*What the exercise asks:*
Transcribe each line below verbatim; pictures excluded.

*Exercise data:*

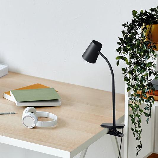 Lámpara de pinza con pantalla cónica, LED incorporado, brazo de cuello de cisne y regulador de intensidad situado en la pinza. La longitud máxima de la pinza es de 2,5 cm y dispone de tres niveles de atenuación.
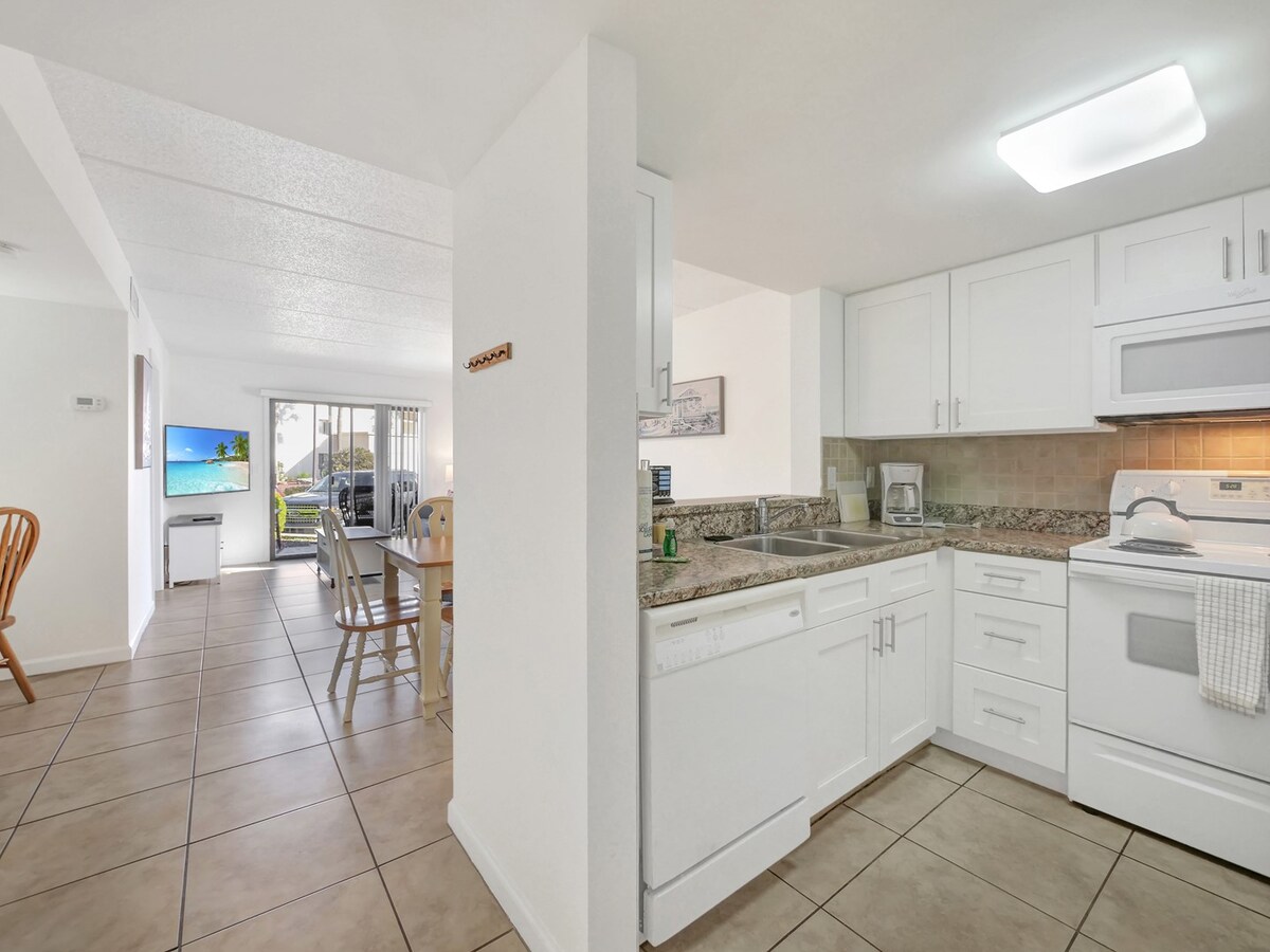 Walk to everything! Beach side 2nd floor unit with lofted ceilings provides ample comfort for 2 couples or 1 family. 2 bedroom, 2 bath with laundry in unit & a wrap around porch. This beach home is spacious and luminous. Sunlight streams in through four sets of sliding glass doors. The decor is also bright and beachy, featuring two stone faced fireplaces (electric). Only 8 lots from the beach and has a gorgeous and newly renovated all white kitchen and dining room.
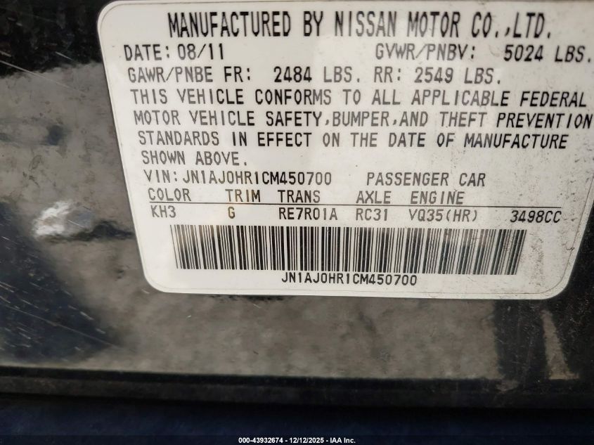 Колір ЧорнийЦиліндри 6Привід Повний привідVIN JN1AJ0HR1CM450700Стан Заводиться та їде (перевірено)Ушкодження Передня або задняДата аукціону 2025-12-17 AutoRIA
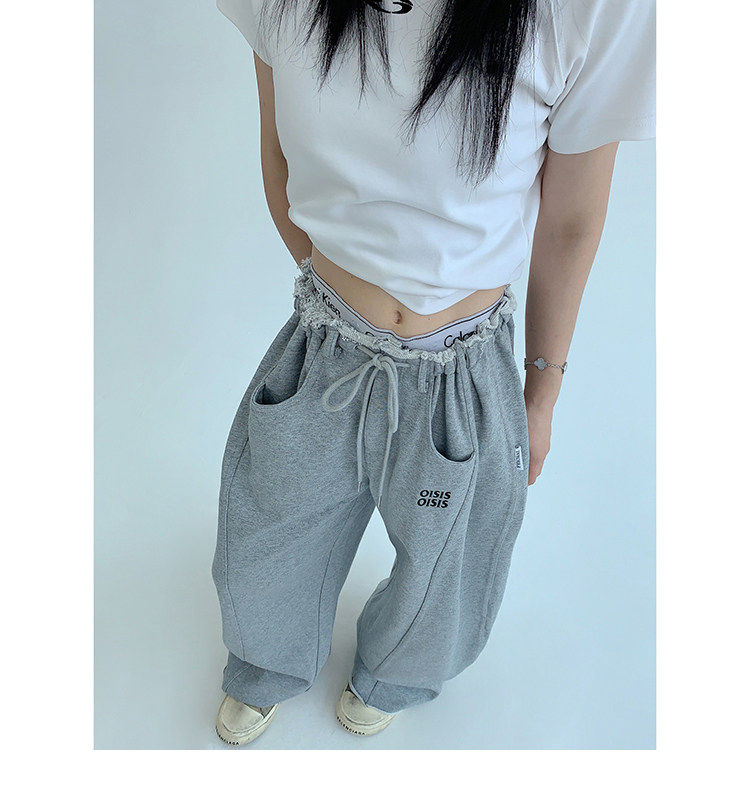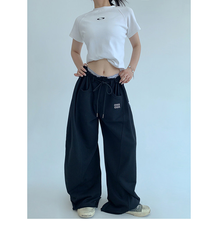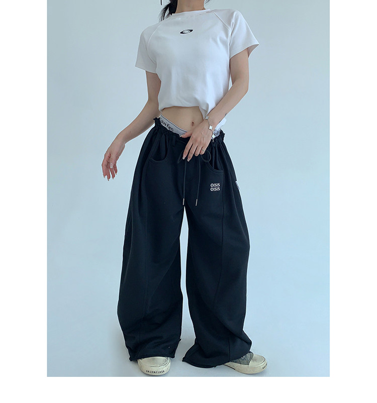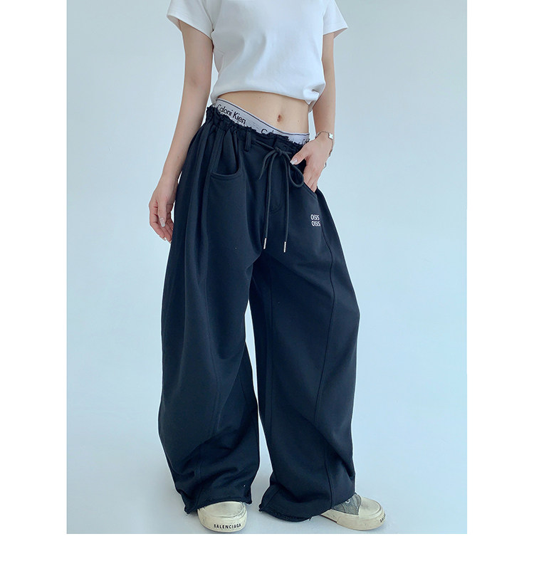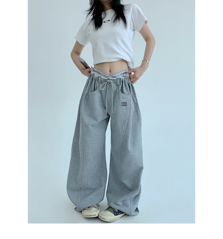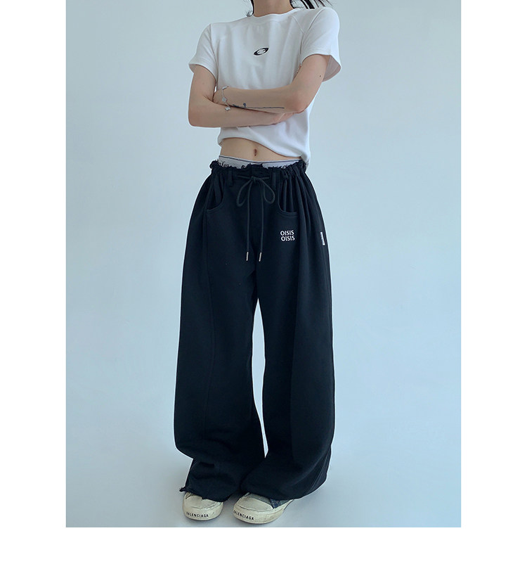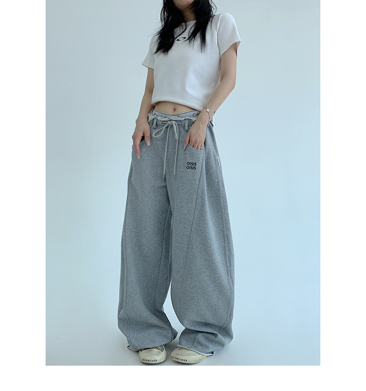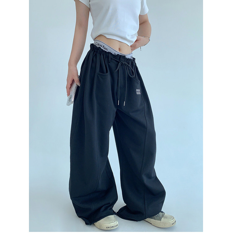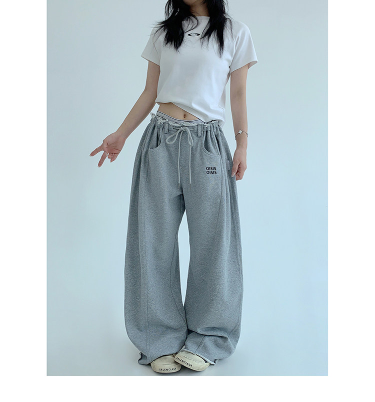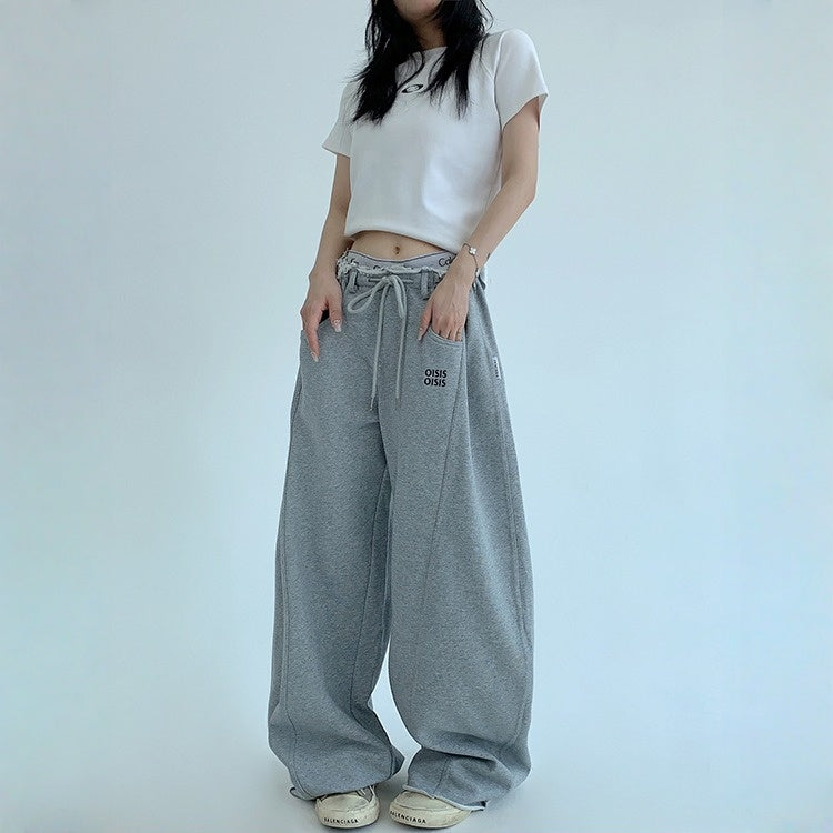 【商品名】【ボトムス】春 秋 冬 ギャザーウエスト ストレート ワイド スウェットパンツ 【FCシリーズ】

*Your solution:*
 Lámpara de pinza con pantalla cónica, LED incorporado, brazo de cuello de cisne y regulador de intensidad situado en la pinza. La longitud máxima de la pinza es de 2,5 cm y dispone de tres niveles de atenuación.
 Walk to everything! Beach side 2nd floor unit with lofted ceilings provides ample comfort for 2 couples or 1 family. 2 bedroom, 2 bath with laundry in unit & a wrap around porch. This beach home is spacious and luminous. Sunlight streams in through four sets of sliding glass doors. The decor is also bright and beachy, featuring two stone faced fireplaces (electric). Only 8 lots from the beach and has a gorgeous and newly renovated all white kitchen and dining room.
 Колір ЧорнийЦиліндри 6Привід Повний привідVIN JN1AJ0HR1CM450700Стан Заводиться та їде (перевірено)Ушкодження Передня або задняДата аукціону 2025-12-17 AutoRIA
 【商品名】【ボトムス】春 秋 冬 ギャザーウエスト ストレート ワイド スウェットパンツ 【FCシリーズ】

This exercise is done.